Top of Data provided

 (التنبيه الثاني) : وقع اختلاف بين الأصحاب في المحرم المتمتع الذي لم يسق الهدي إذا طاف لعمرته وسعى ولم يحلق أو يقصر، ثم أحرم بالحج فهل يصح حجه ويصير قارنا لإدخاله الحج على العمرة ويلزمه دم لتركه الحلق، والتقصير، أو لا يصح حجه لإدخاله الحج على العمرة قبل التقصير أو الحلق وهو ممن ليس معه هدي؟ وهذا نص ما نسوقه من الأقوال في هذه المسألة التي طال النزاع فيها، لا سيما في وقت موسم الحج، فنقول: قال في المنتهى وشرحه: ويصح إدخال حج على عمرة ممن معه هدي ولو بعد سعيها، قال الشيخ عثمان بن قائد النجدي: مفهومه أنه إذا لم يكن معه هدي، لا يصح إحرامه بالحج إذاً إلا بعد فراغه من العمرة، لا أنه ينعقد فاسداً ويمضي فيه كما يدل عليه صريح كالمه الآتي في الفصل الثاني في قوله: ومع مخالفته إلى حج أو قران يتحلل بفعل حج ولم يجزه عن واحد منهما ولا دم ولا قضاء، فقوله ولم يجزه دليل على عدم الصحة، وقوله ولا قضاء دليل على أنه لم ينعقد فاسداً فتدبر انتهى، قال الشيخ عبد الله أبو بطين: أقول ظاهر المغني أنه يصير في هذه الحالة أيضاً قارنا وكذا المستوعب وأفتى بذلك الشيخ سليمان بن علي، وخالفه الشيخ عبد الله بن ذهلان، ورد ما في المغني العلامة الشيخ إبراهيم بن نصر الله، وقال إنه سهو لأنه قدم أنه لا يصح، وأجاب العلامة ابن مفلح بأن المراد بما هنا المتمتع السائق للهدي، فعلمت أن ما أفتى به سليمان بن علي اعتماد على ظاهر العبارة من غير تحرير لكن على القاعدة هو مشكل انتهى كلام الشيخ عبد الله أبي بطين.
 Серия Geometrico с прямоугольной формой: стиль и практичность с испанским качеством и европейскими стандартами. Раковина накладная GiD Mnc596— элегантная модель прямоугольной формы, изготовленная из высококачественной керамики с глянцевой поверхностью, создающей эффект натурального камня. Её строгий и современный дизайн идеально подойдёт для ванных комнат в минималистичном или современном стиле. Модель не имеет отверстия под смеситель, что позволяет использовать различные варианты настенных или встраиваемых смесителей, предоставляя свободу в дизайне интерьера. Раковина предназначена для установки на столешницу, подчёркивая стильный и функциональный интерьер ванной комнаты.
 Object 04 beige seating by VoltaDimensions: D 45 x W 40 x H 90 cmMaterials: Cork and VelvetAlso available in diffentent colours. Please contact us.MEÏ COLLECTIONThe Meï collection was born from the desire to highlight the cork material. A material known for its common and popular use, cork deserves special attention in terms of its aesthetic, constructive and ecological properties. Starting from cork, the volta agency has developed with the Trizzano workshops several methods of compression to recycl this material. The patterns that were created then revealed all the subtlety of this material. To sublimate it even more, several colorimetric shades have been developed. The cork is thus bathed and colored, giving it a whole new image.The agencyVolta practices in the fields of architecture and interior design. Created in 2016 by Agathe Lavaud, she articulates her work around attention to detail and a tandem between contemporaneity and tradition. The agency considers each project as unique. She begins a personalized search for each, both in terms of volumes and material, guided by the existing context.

Bottom of Data provided
Top of Data provided

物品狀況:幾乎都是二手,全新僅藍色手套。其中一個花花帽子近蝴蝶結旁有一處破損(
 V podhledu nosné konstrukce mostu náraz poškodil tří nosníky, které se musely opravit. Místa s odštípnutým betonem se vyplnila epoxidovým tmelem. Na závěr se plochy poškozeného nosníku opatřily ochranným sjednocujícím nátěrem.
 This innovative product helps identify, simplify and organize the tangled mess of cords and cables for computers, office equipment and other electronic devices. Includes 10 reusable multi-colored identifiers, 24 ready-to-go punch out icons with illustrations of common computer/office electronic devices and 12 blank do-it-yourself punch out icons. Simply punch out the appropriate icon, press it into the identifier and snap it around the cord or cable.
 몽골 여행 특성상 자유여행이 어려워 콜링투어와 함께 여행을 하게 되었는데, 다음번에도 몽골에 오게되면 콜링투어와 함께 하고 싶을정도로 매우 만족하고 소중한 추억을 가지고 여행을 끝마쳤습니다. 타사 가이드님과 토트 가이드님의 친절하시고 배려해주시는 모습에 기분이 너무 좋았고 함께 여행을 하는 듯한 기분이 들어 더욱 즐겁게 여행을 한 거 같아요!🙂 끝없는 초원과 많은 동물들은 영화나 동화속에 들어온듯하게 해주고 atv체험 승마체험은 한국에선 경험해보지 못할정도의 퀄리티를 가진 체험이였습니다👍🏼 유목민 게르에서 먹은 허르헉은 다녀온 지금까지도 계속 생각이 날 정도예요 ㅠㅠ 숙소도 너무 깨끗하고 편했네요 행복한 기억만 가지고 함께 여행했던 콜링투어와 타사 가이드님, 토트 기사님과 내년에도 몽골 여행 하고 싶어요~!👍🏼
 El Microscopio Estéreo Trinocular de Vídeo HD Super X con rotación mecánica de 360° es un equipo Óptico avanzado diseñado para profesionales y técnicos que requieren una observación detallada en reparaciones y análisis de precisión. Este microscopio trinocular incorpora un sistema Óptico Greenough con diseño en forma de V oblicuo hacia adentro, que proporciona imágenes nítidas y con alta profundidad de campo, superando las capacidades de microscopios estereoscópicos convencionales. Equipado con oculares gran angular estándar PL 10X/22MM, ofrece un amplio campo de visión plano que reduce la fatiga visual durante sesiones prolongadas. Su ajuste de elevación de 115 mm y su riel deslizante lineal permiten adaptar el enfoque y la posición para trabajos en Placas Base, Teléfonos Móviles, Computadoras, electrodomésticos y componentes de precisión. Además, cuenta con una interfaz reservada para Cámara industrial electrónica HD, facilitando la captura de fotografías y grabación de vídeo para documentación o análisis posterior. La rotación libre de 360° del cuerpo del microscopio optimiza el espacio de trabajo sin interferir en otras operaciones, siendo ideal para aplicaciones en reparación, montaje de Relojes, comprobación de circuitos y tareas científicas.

Bottom of Data provided

**Task directions**
Take the records above and return, word for word, only the lines that fall from the line with "V podhledu nosné" to the line with "This innovative product", both of them included.

**Task response**
 V podhledu nosné konstrukce mostu náraz poškodil tří nosníky, které se musely opravit. Místa s odštípnutým betonem se vyplnila epoxidovým tmelem. Na závěr se plochy poškozeného nosníku opatřily ochranným sjednocujícím nátěrem.
 This innovative product helps identify, simplify and organize the tangled mess of cords and cables for computers, office equipment and other electronic devices. Includes 10 reusable multi-colored identifiers, 24 ready-to-go punch out icons with illustrations of common computer/office electronic devices and 12 blank do-it-yourself punch out icons. Simply punch out the appropriate icon, press it into the identifier and snap it around the cord or cable.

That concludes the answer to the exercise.